SOURCE DATA:
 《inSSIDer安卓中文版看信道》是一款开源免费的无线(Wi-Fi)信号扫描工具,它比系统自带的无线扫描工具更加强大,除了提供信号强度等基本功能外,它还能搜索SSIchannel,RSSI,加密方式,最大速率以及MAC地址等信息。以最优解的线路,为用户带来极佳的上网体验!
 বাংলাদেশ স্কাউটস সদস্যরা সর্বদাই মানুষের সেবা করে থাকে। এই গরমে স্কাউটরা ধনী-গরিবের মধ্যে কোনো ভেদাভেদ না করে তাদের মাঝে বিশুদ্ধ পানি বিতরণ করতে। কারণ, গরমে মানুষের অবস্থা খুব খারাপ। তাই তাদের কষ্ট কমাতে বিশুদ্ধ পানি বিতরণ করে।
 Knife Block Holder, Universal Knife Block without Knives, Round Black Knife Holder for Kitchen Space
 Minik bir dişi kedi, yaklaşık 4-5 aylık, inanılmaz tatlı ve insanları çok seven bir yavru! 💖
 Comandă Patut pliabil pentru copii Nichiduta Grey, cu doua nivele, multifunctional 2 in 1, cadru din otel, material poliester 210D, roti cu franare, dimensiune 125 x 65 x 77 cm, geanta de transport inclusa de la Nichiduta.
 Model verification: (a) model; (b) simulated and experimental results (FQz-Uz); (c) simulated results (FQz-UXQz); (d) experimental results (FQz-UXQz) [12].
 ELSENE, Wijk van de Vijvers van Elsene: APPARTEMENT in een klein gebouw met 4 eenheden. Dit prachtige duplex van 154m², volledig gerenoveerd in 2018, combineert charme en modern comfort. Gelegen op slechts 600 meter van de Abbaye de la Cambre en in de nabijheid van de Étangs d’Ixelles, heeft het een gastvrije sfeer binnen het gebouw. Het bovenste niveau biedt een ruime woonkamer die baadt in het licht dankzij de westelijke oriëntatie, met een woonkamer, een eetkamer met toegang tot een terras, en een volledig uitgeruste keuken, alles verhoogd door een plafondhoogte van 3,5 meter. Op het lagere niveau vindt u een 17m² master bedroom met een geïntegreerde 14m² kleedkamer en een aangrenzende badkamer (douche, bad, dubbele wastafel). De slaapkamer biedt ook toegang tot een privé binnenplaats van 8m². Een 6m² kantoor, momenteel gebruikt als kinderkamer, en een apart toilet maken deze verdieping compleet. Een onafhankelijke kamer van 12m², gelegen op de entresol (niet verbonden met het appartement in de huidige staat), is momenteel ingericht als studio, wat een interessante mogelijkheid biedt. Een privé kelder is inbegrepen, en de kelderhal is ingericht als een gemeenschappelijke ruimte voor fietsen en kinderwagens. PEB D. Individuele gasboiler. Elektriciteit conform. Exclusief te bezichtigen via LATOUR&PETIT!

---

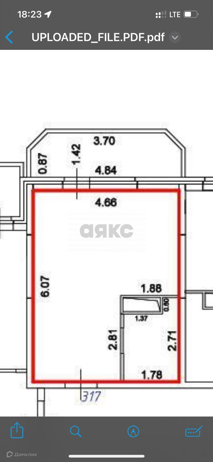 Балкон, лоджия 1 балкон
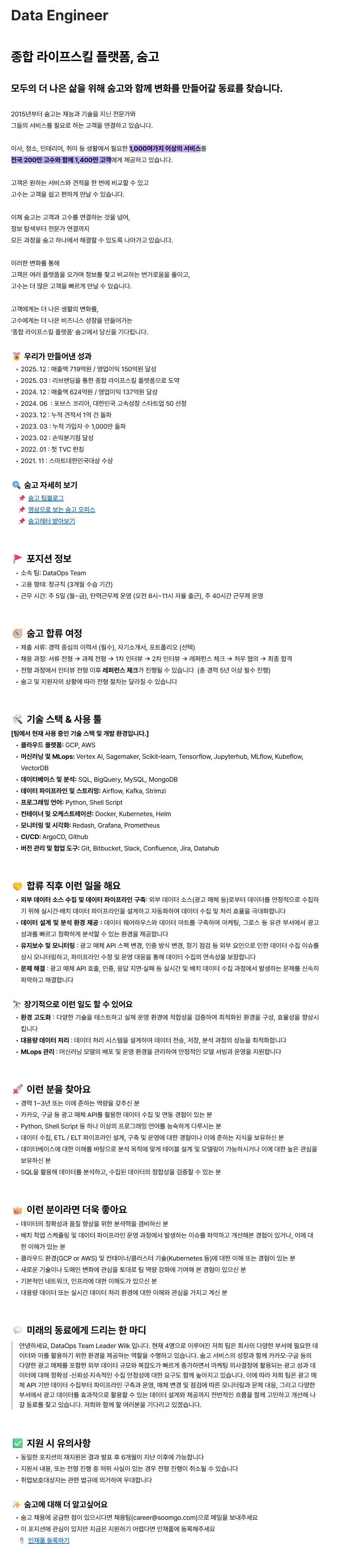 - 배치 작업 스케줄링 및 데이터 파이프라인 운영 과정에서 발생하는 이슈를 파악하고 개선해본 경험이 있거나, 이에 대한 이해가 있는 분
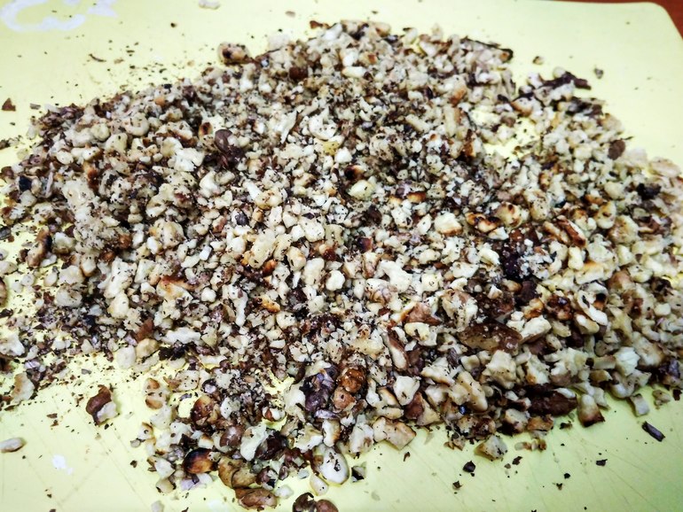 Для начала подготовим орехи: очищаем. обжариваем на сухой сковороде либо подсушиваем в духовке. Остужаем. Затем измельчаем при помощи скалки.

...

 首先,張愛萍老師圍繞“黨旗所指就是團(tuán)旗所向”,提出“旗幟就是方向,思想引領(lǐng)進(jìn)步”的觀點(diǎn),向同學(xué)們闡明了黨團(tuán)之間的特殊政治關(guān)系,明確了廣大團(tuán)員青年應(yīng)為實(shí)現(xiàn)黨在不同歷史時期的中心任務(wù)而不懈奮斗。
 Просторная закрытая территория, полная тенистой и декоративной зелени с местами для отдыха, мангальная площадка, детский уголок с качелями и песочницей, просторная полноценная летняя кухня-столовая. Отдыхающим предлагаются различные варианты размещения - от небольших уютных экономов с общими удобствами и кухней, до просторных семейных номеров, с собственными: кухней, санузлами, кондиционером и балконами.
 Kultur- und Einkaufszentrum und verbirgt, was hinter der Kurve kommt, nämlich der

ACTION ITEM: Would you print exactly, and only, the lines of the data above from the line with "বাংলাদেশ স্কাউটস সদস্যরা" through the line with "Model verification: (a)", inclusive?

RESULT:
 বাংলাদেশ স্কাউটস সদস্যরা সর্বদাই মানুষের সেবা করে থাকে। এই গরমে স্কাউটরা ধনী-গরিবের মধ্যে কোনো ভেদাভেদ না করে তাদের মাঝে বিশুদ্ধ পানি বিতরণ করতে। কারণ, গরমে মানুষের অবস্থা খুব খারাপ। তাই তাদের কষ্ট কমাতে বিশুদ্ধ পানি বিতরণ করে।
 Knife Block Holder, Universal Knife Block without Knives, Round Black Knife Holder for Kitchen Space
 Minik bir dişi kedi, yaklaşık 4-5 aylık, inanılmaz tatlı ve insanları çok seven bir yavru! 💖
 Comandă Patut pliabil pentru copii Nichiduta Grey, cu doua nivele, multifunctional 2 in 1, cadru din otel, material poliester 210D, roti cu franare, dimensiune 125 x 65 x 77 cm, geanta de transport inclusa de la Nichiduta.
 Model verification: (a) model; (b) simulated and experimental results (FQz-Uz); (c) simulated results (FQz-UXQz); (d) experimental results (FQz-UXQz) [12].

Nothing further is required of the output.